#### Goal of the exercise
Your answer must be a word-for-word copy of the listing below, minus its pictures.

#### Dataset extract
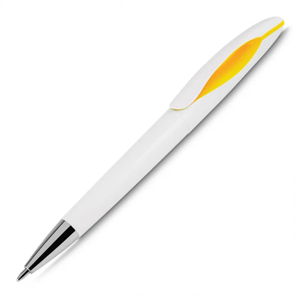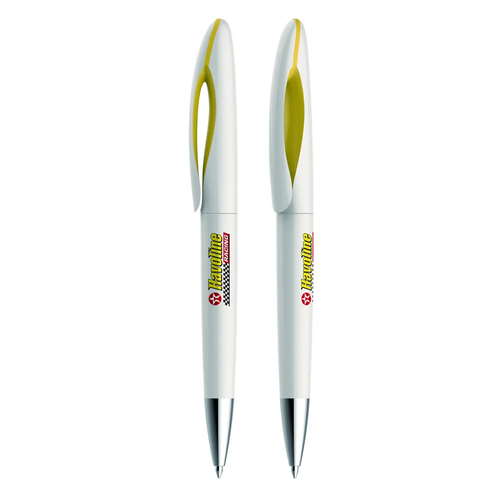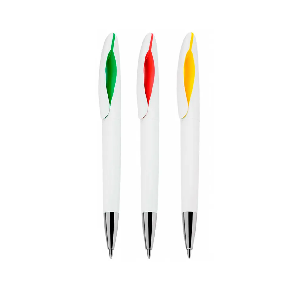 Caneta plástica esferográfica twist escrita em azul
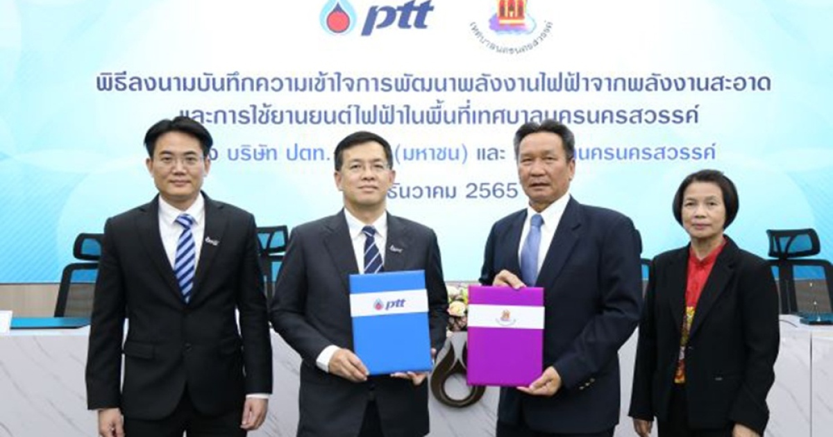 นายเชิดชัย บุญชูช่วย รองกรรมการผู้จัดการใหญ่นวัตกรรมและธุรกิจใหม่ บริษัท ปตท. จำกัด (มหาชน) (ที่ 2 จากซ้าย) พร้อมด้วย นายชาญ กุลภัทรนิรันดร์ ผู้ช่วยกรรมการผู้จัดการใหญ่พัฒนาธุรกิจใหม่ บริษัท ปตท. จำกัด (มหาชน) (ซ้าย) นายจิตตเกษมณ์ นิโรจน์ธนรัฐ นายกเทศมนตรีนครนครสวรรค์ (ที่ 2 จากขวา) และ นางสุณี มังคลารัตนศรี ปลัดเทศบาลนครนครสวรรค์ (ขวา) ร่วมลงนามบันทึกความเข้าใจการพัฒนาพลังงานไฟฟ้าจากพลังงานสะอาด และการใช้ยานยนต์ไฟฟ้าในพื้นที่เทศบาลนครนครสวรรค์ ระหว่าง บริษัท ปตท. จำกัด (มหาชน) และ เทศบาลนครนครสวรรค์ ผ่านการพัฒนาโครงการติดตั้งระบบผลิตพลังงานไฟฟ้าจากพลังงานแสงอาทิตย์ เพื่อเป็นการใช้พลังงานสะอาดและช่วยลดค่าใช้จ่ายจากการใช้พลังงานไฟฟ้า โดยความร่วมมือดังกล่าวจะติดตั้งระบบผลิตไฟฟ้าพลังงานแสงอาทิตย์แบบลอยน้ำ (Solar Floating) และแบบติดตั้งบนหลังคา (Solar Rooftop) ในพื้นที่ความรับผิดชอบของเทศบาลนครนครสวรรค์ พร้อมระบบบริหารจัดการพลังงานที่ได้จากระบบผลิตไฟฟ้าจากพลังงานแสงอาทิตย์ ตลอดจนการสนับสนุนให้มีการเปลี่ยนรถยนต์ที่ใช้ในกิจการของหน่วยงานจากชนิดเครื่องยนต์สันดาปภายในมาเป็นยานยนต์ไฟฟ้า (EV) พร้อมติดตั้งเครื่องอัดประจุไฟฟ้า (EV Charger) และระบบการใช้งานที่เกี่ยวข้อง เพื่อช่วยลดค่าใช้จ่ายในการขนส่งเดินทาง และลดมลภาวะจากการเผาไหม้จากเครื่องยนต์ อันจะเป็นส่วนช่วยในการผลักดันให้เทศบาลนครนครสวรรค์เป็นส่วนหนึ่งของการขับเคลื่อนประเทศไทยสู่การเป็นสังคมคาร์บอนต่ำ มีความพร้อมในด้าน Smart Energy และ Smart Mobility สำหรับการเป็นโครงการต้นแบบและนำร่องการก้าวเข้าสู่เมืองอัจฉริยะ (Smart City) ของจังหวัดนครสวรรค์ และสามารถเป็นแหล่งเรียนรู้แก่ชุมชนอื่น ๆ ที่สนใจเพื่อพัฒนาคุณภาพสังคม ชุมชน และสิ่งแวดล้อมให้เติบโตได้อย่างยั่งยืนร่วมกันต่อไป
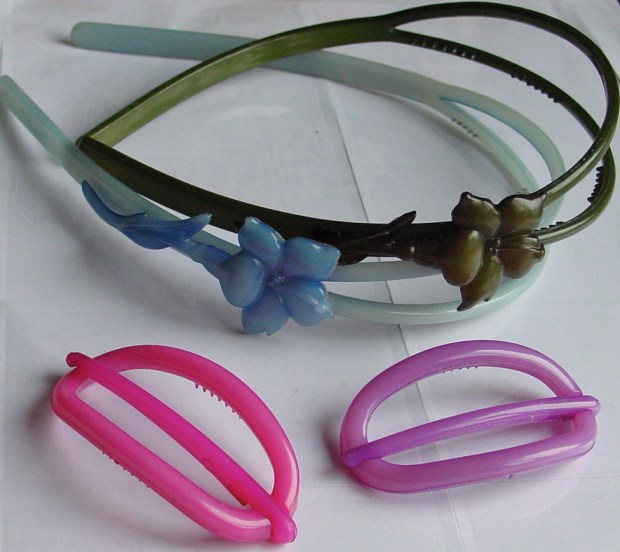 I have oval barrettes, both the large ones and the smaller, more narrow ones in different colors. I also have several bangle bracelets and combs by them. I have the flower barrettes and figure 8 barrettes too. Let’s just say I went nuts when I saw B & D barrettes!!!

#### Answer box
 Caneta plástica esferográfica twist escrita em azul
 นายเชิดชัย บุญชูช่วย รองกรรมการผู้จัดการใหญ่นวัตกรรมและธุรกิจใหม่ บริษัท ปตท. จำกัด (มหาชน) (ที่ 2 จากซ้าย) พร้อมด้วย นายชาญ กุลภัทรนิรันดร์ ผู้ช่วยกรรมการผู้จัดการใหญ่พัฒนาธุรกิจใหม่ บริษัท ปตท. จำกัด (มหาชน) (ซ้าย) นายจิตตเกษมณ์ นิโรจน์ธนรัฐ นายกเทศมนตรีนครนครสวรรค์ (ที่ 2 จากขวา) และ นางสุณี มังคลารัตนศรี ปลัดเทศบาลนครนครสวรรค์ (ขวา) ร่วมลงนามบันทึกความเข้าใจการพัฒนาพลังงานไฟฟ้าจากพลังงานสะอาด และการใช้ยานยนต์ไฟฟ้าในพื้นที่เทศบาลนครนครสวรรค์ ระหว่าง บริษัท ปตท. จำกัด (มหาชน) และ เทศบาลนครนครสวรรค์ ผ่านการพัฒนาโครงการติดตั้งระบบผลิตพลังงานไฟฟ้าจากพลังงานแสงอาทิตย์ เพื่อเป็นการใช้พลังงานสะอาดและช่วยลดค่าใช้จ่ายจากการใช้พลังงานไฟฟ้า โดยความร่วมมือดังกล่าวจะติดตั้งระบบผลิตไฟฟ้าพลังงานแสงอาทิตย์แบบลอยน้ำ (Solar Floating) และแบบติดตั้งบนหลังคา (Solar Rooftop) ในพื้นที่ความรับผิดชอบของเทศบาลนครนครสวรรค์ พร้อมระบบบริหารจัดการพลังงานที่ได้จากระบบผลิตไฟฟ้าจากพลังงานแสงอาทิตย์ ตลอดจนการสนับสนุนให้มีการเปลี่ยนรถยนต์ที่ใช้ในกิจการของหน่วยงานจากชนิดเครื่องยนต์สันดาปภายในมาเป็นยานยนต์ไฟฟ้า (EV) พร้อมติดตั้งเครื่องอัดประจุไฟฟ้า (EV Charger) และระบบการใช้งานที่เกี่ยวข้อง เพื่อช่วยลดค่าใช้จ่ายในการขนส่งเดินทาง และลดมลภาวะจากการเผาไหม้จากเครื่องยนต์ อันจะเป็นส่วนช่วยในการผลักดันให้เทศบาลนครนครสวรรค์เป็นส่วนหนึ่งของการขับเคลื่อนประเทศไทยสู่การเป็นสังคมคาร์บอนต่ำ มีความพร้อมในด้าน Smart Energy และ Smart Mobility สำหรับการเป็นโครงการต้นแบบและนำร่องการก้าวเข้าสู่เมืองอัจฉริยะ (Smart City) ของจังหวัดนครสวรรค์ และสามารถเป็นแหล่งเรียนรู้แก่ชุมชนอื่น ๆ ที่สนใจเพื่อพัฒนาคุณภาพสังคม ชุมชน และสิ่งแวดล้อมให้เติบโตได้อย่างยั่งยืนร่วมกันต่อไป
 I have oval barrettes, both the large ones and the smaller, more narrow ones in different colors. I also have several bangle bracelets and combs by them. I have the flower barrettes and figure 8 barrettes too. Let’s just say I went nuts when I saw B & D barrettes!!!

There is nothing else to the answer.